> Task objective:
Using the entries below, copy exactly each line from the line with "Sử dụng máy" up to and including the line with "在自己全部的50萬日元虧損殆", with every picture left out.

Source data
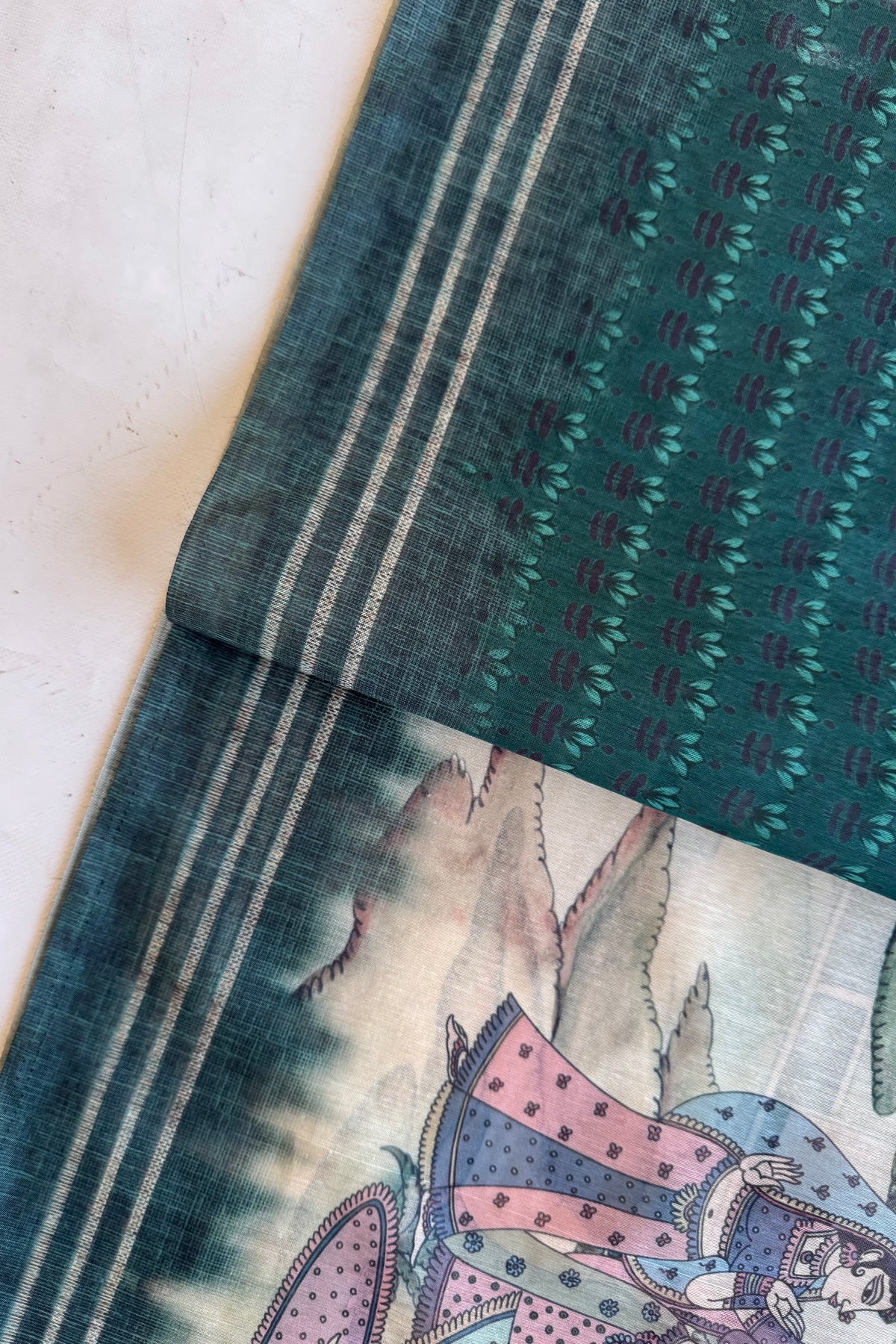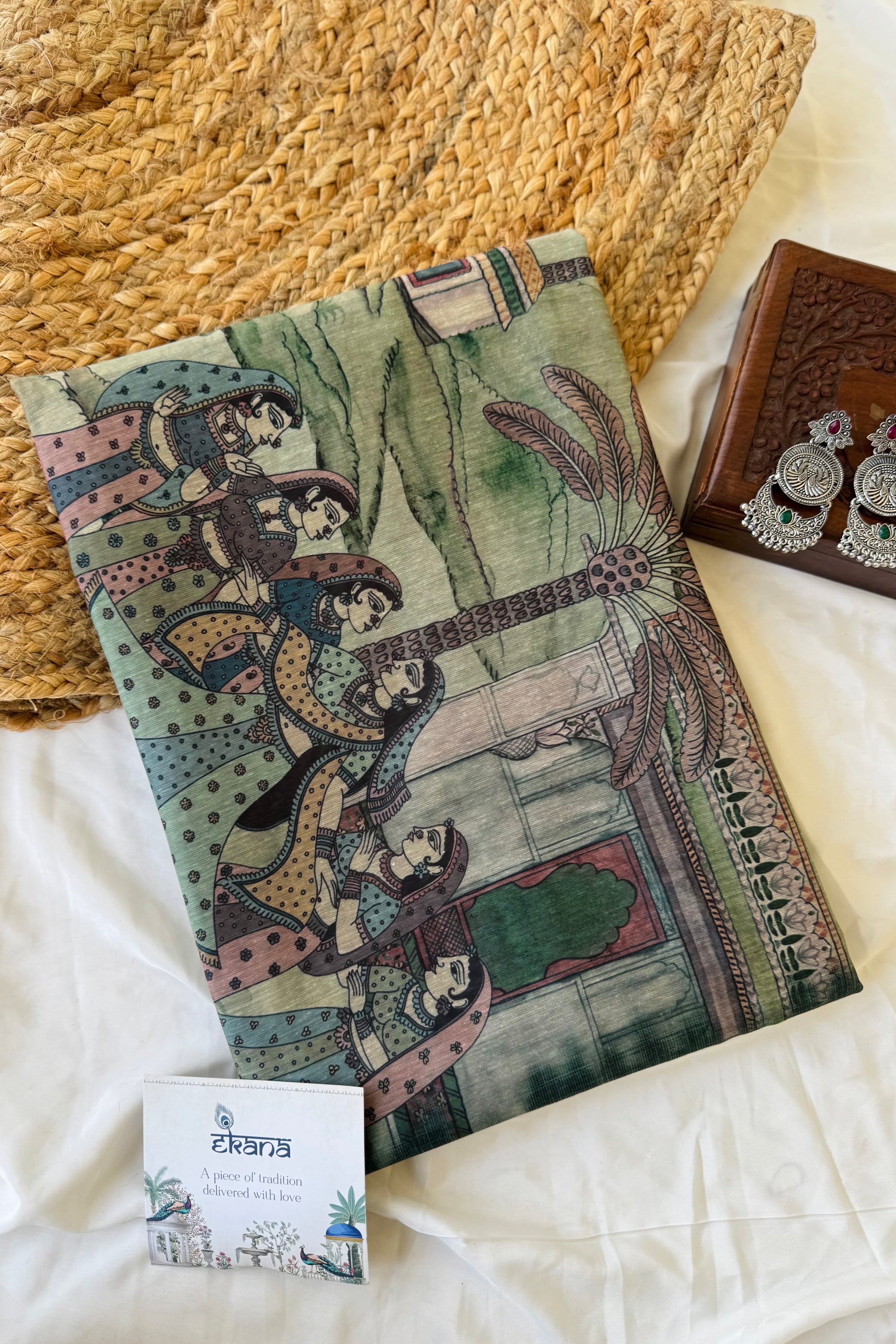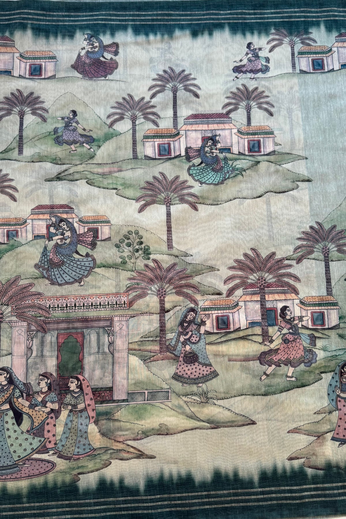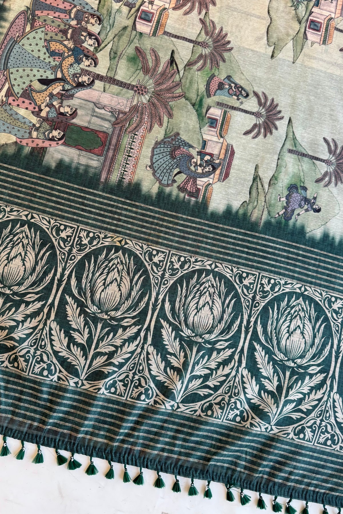 This saree features a calm green base with detailed heritage-style artwork across the body.
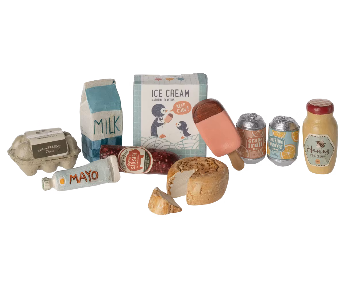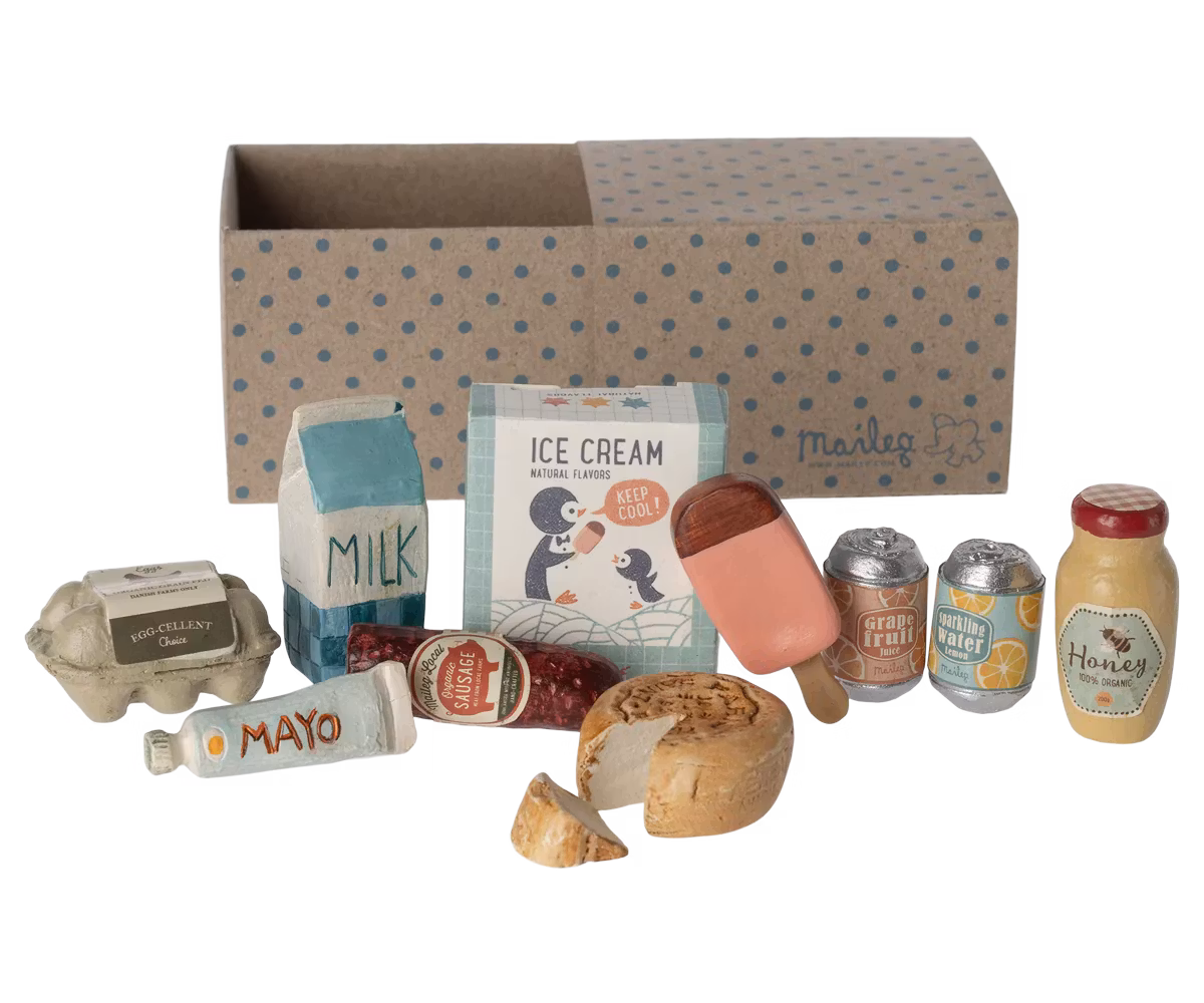 Du skal have noget mad inde i dukkehuset, ikke? Med denne fantastiske madpakke vil ingen være sultne om morgenen. Utroligt detaljeret produkt, der er fuldstændig håndlavet af det populære firma Maileg Boksen indeholder: mayonnaise, mælk, salami, honning, is, æg, honning 2 sodavandsdåser og ost. Alder: Fra 3 år. Materiale: Polyresin.
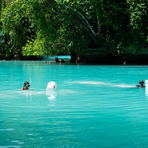 パラオのロックアイランドには、地中深くで海とつながるマリンレイクがいくつも存在しています。ジェリーフィッシュレイクはそんなマリンレイクのひとつ。海水と淡水が混ざった静かな湖には、無数のタコクラゲたちが生息しています。外的のいない環境で太陽を浴びて光合成をする不思議なクラゲは毒をもたず、触っても刺されないことが特徴のひとつ。環境の変化で一度いなくなってしまいましたが、最近になり彼らが戻ってきて、現在ではジェリーフィッシュレイクツアーも再開されるようになりました。湖を泳げば四方八方がクラゲだらけ。幻想的な雰囲気の漂うこの湖は、世界中の人々を魅了するパラオの有数のシュノーケリングスポットです。 【ここがおすすめ】 ・世界で唯一!光合成をする不思議な毒なしジェリーフィッシュに囲まれます。 ・服装は水着と短パン、サンダル、Tシャツ等の軽装でOK! ・傷つきやすいタコクラゲたち。シュノーケリングでもそっと泳ぎましょう。
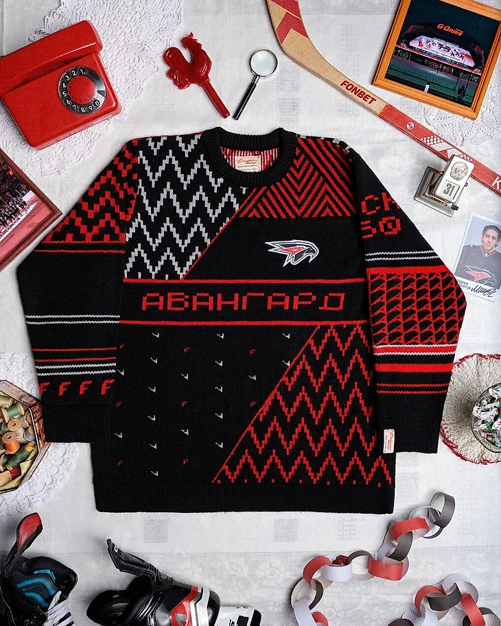Проблема текучести рождественских свитеров, кажется, стоит не так остро в отношении вариаций, выпускаемых спортивными командами, – ну сколько сезонных свитеров с логотипом любимого клуба нужно одному человеку? С другой стороны, некоторые образцы так хороши, что искушают поболеть сразу за несколько команд. Например, кто в прошлом году не успел разжиться веселым кардиганом «Ромы» (на фото) или великолепным джемпером «Байера» с баварскими Альпами, в этом может записаться в разнузданные поклонники «Манчестер Юнайтед». В НХЛ с «уродливым» мерчом похуже – вместо свитеров свитшоты, вместо избыточности и китча – интеллигентная гирлянда. Но эй, уродливость, как и спортивные симпатии – дело сердечное.
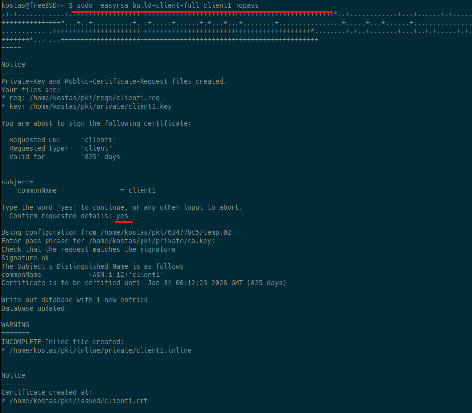 To create a full set of certificates for a client, named client1, with no password (nopass) on the private key, run:
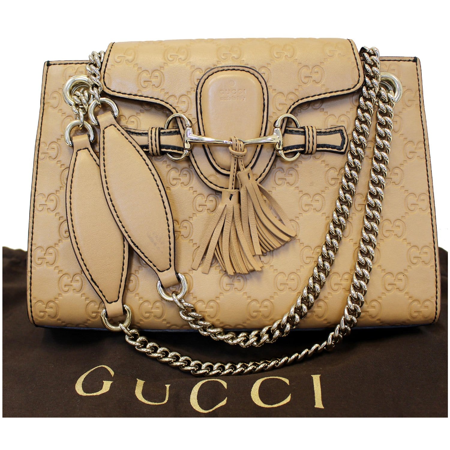 GUCCI Emily Guccissima Leather Chain Shoulder Bag Rose Beige 369621
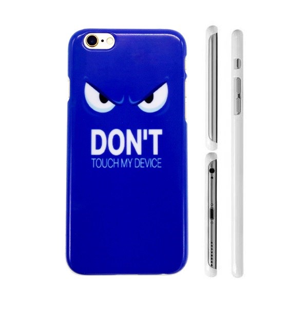 Blue cover with inscribed "Dont touch my device" and some warning eyes.
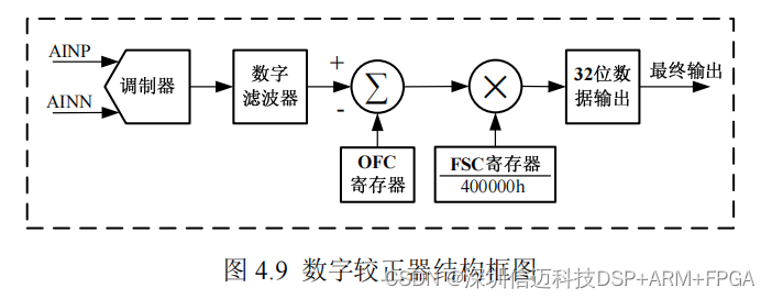 通过配置寄存器 OFC 和 FSC 就可以对原始数据进行偏移量和增益的校正处理。
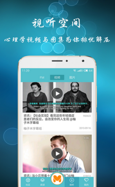 3.视听空间:内容丰富的趣味心理学视频与图片模块,帮你释放压力,缓解抑郁、烦躁、焦虑、失眠等心理问题。
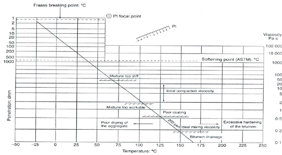 Obr. 2  Príklad výsledku základných skúšok bitúmenu a nadväznosť na optimálne pracovné teploty asfaltovej zmesi [10]
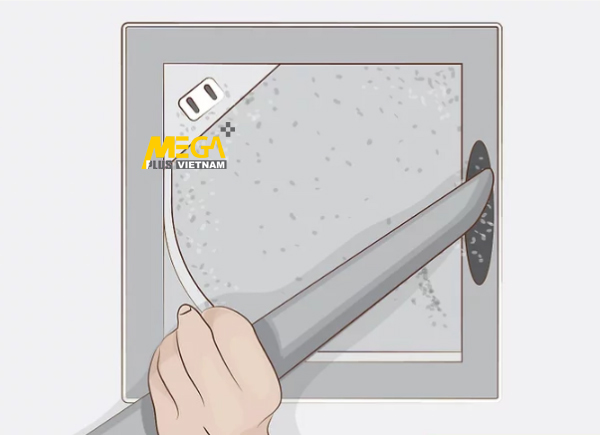 Sử dụng máy hút bụi để hút bụi bên trong ống xả. Những phần bụi bẩn và dầu mỡ máy hút bụi không hút hết. Bạn sẽ dùng giẻ có chút xà phòng để lau cho sạch.
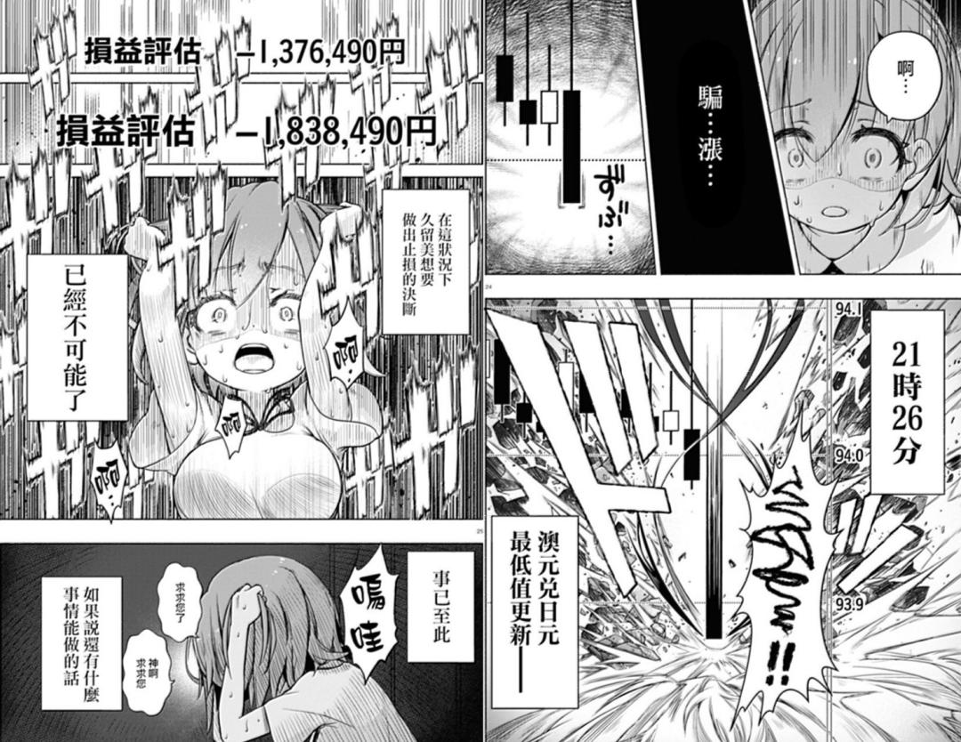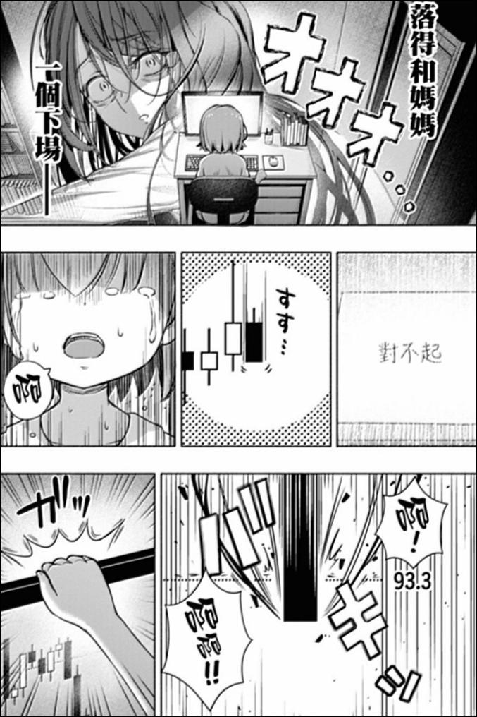 在自己全部的50萬日元虧損殆盡,即將因爲平臺政策強制止損時,她想到偷偷挪用父親的存款,用300萬繼續加倉,但日元還是一路走跌,久留美最後心如死灰,關上了自己的電腦……
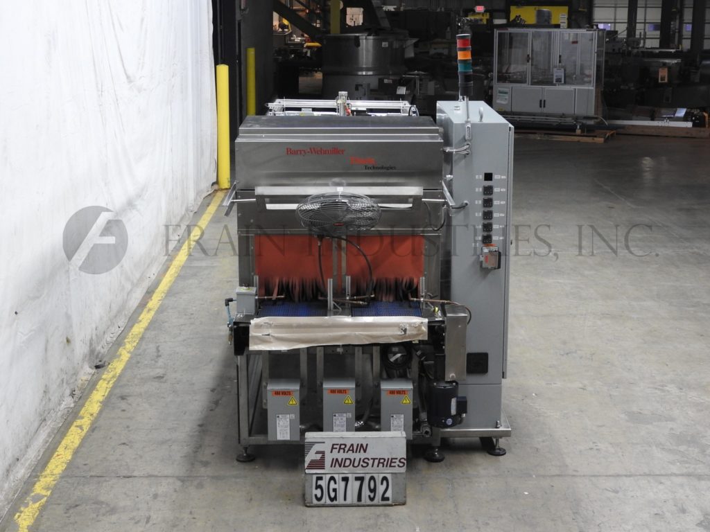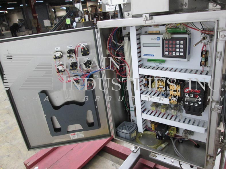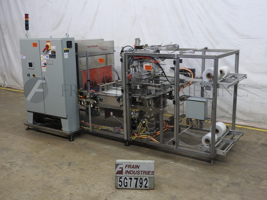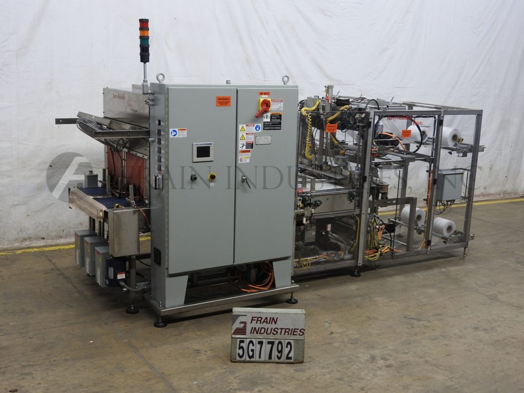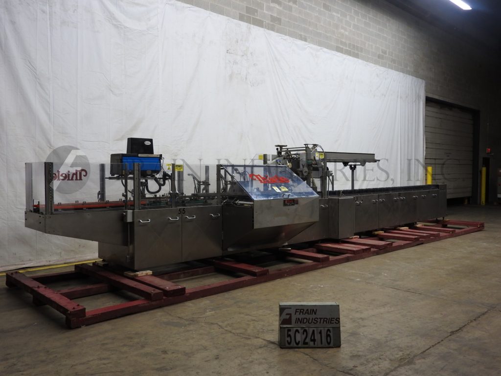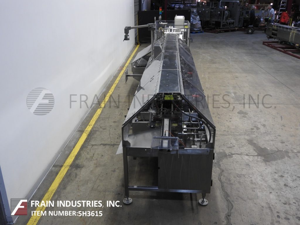 Thiele,双车道收缩捆绑系统,具有挤压件。每分钟5到30封束 - 取决于材料和应用。最大产品高度:8½“;最大薄膜宽度:15”。配备90°进给,(2)推动板进料器,(2)16“宽密封杆,(2)15”宽X 21“长传输输送机,不锈钢收缩隧道(2)16”宽X 15“高孔和48英寸长室,(2)15“宽x 75”长通过带式输送机和36“排出高度。所有不锈钢框架和带有Lexan门和机器的机箱和机器平整螺钉和垫。用AB PLC架和AB完全自动化PanelView和Digital Temp控制器,用于热隧道和密封杆。安装在带平整腿的基架上。
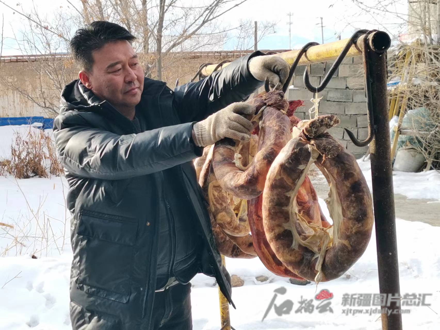 2022年12月31日,別克·爾斯汗在庭院中整理加工晾曬好的馬腸子。天山網(wǎng)-新疆日?qǐng)?bào)記者 魏永貴攝

> Task result:
 Sử dụng máy hút bụi để hút bụi bên trong ống xả. Những phần bụi bẩn và dầu mỡ máy hút bụi không hút hết. Bạn sẽ dùng giẻ có chút xà phòng để lau cho sạch.
 在自己全部的50萬日元虧損殆盡,即將因爲平臺政策強制止損時,她想到偷偷挪用父親的存款,用300萬繼續加倉,但日元還是一路走跌,久留美最後心如死灰,關上了自己的電腦……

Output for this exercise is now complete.